“Bah! Humbug!” was the attitude of Ebenezer Scrooge toward the two gentlemen who came looking for a Christmas donation to help the poor and homeless in the streets of London. “All I want to do is eat, drink and be merry!” was the attitude of the rich fool in Jesus’ parable. Neither the wealthy but miserly Scrooge in Charles Dickens’ classic, A Christmas Carol, nor Jesus’ miserly fool in the Gospel of Luke (Luke 12:16-21), would find good company with Christian stewards who know those attitudes draw us away from God, not closer.
As we await the coming of Jesus at Christmas, the Advent season is the perfect time to reflect on our own attitudes toward the things we possess and our need to share with others who are less fortunate.

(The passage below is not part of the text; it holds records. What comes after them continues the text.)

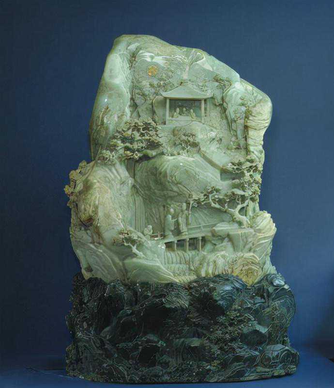 此器既有玉皮的黄色,又在翠绿中含有白色,绿白分明,黄绿相间,色彩鲜艳。全器构图合理,景物比例适当,透视感强,是非常珍贵的山形陈设品。
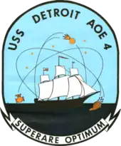 USS Detroit (AOE-4) was the fourth and last Sacramento-class fast combat support ship built for the United States Navy. She was laid down on 29 November 1966 by Puget Sound Naval Shipyard, Bremerton, Washington; launched 21 June 1969; and commissioned on 28 March 1970. She is the fifth United States Navy ship named after Detroit, Michigan, the largest city in the state of Michigan, and the river of the same name.
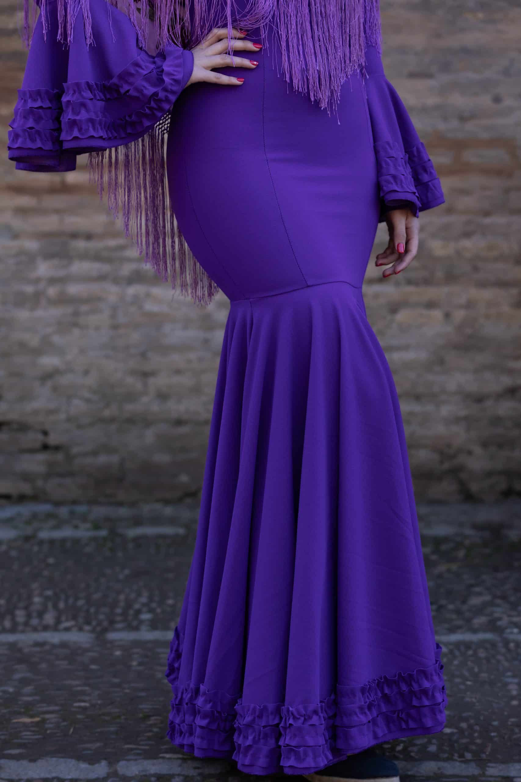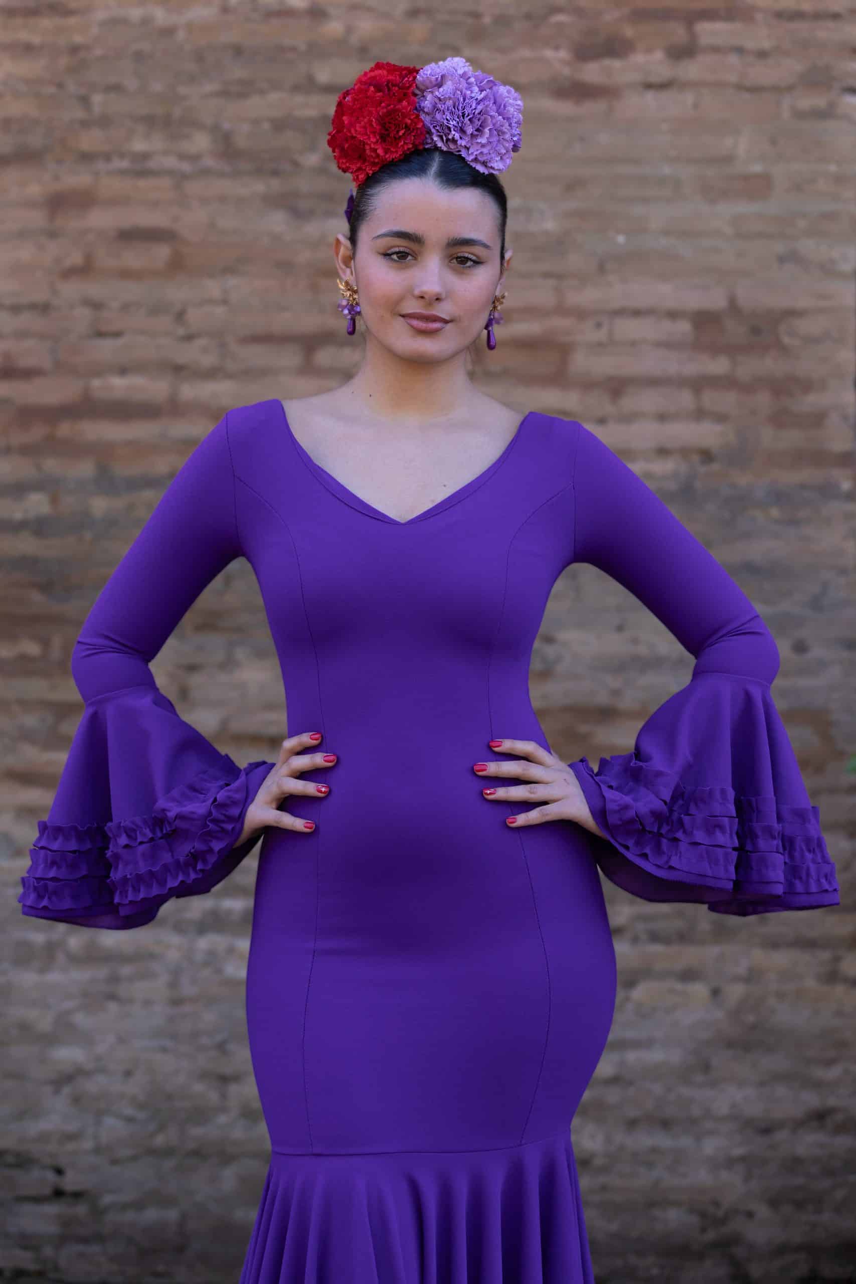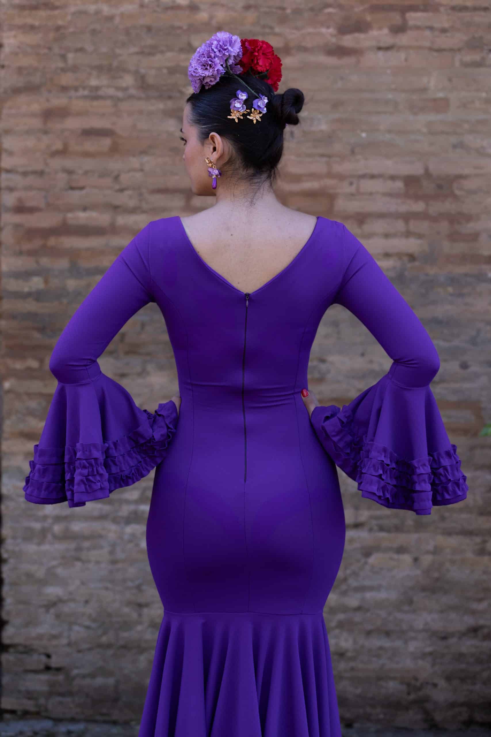 Traje de flamenca low cost elástico en color morado canastero con cuello en pico.

There is, of course, no season quite so full of wild abundance as the Christmas season. We are entering a joyful, exuberant time, full of music, family, parties, good food and friends. But every Christian steward knows that there is a shadow side to abundance, particularly material abundance, which brings its own challenges. Poverty, in North America and indeed worldwide, is growing, not diminishing. In the United States alone, one in six Americans now lives below the poverty line. The poor among us become invisible and the poverty that overtakes them becomes a scourge that brings a whole host of societal problems such as hunger, homelessness, crime and domestic violence. Moreover, a culture that is focused on consuming more and more and built on satisfying the self and ignoring the needs of other people is a culture that impoverishes the soul. A preoccupation with our own wants and possessions fosters a spiritual poverty that has no room for the Lord at its center. That kind of spiritual poverty neglects the true meaning of Christmas in its joy and abundance. Despite the great spiritual significance of this feast, the season becomes a time of material excess.